The MRL combines a linear accelerator with on-board diagnostic quality MRI. The superior soft tissue discrimination of MR gives better target visualization compared to CBCT. The improved target visualization may facilitate the investigation of daily online plan adaptation and isotoxic dose intensification without the concerns of excessive ionizing radiation that exist with CBCT.^22,25,59 The MRL will also enable real-time gating and permit assessment of delivered dose compared to planned dose.⁷⁸ Ultimately, the anatomical and dosimetric information obtained in real time may facilitate intrafractional plan adaptation, to ensure the intended daily dose is delivered. This should permit smaller PTV margins and further reduce the dose to healthy tissues. Therefore, MR-guided RT potentially represents truly individualized RT with a move away from an image-guided to a "dose-guided" technique.²² The MRL also offers the potential to incorporate biological information via functional imaging. This may enable the exciting possibility of individualized adaptation and intensification based on tumour metabolic activity and hypoxia.⁷⁹

Proton beam therapy (PrBT) is another technology that has the potential to improve the outcome of NSCLC patients. The physical characteristics of protons mean their energy deposition increases with increasing depth in tissue. As a result, the maximum energy deposition occurs toward the end of the proton range (the Bragg peak). Therefore, the dose to the normal tissues beyond this range and the integral dose are reduced. A trial of IMRT vs passive scattering PrBT in patients with LA-NSCLC found that PrBT reduced low dose bath to the lungs although more lung tissue was exposed to doses ≥ 20 Gy. Moreover, PrBT spared more heart volume at all dose levels compared to IMRT.⁸⁰ In spite of this dosimetric advantage, this randomized Phase III trial did not show a clinical benefit for patients treated with protons. There are many unsolved technological challenges in delivering PrBT to mobile targets such as lung tumours, as the sharp dose gradient of proton plans makes them particularly sensitive to geometric uncertainties. There are a number of studies ongoing in early and LA lung cancer patients comparing IMRT with PrBT (ClinicalTrials.gov:NCT 01993810, NCT 02731001 and NCT 03818776).

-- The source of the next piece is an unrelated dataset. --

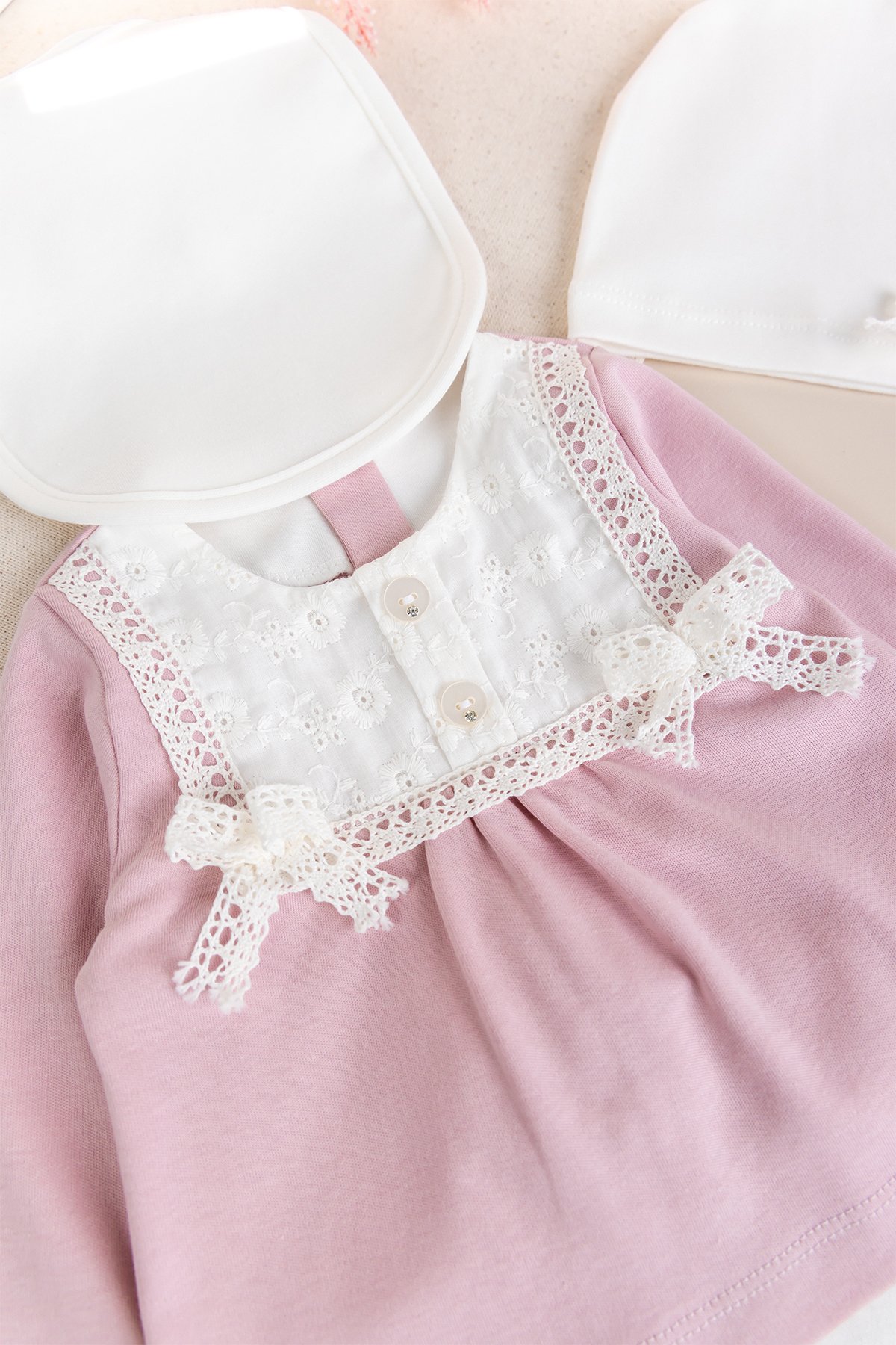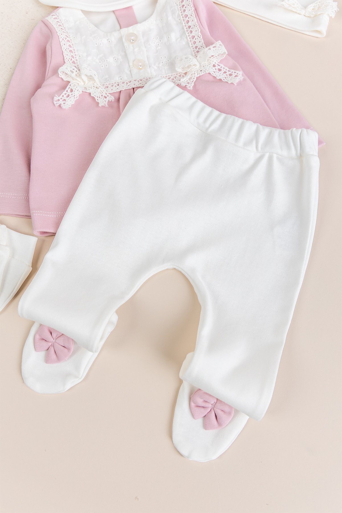 Fistolu 100% Pamuk Kız Bebek Takım 5'li Set Gül kurusu - 3-6 AY

The addition of consolidation IO after concurrent CRT has recently become standard of care in LA NSCLC.⁷⁰ There are currently many ongoing trials investigating a similar strategy in patients with early stage NSCLC and in LA patients not suitable for concurrent CRT. Clinical trials are also investigating the addition of IO to thoracic RT concurrently in combination with consolidation treatment. Many questions remain about the timing of the administration of IO and thoracic RT and the impact of the volume of irradiation on the immune system. Further research is also required to identify the patients most likely to benefit from consolidation IO. One other promising area of investigation is the concept of "minimal residual disease" with circulating tumour deoxyribonucleic acid (ctDNA).⁸¹ ctDNA represents an attractive biomarker and may have benefits in screening, assessing response to treatment and surveillance. Blood collection for circulating tumour cells and ctDNA is included in some of the trials of RT in OMD (Table 4).

Conclusion

In this review, we have described the advances in imaging, tumour localization and RT technology that have facilitated the development of SABR for early stage NSCLC and allowed the treatment of large volume LA NSCLC. We have also highlighted ongoing research in areas such as dose escalation in LA disease and the use of SABR in the treatment of oligometastatic disease.

Advances in RT technologies have improved the precision of RT but in order to make further progress, there is an unmet need to tailor treatment to individual patients and tumour characteristics.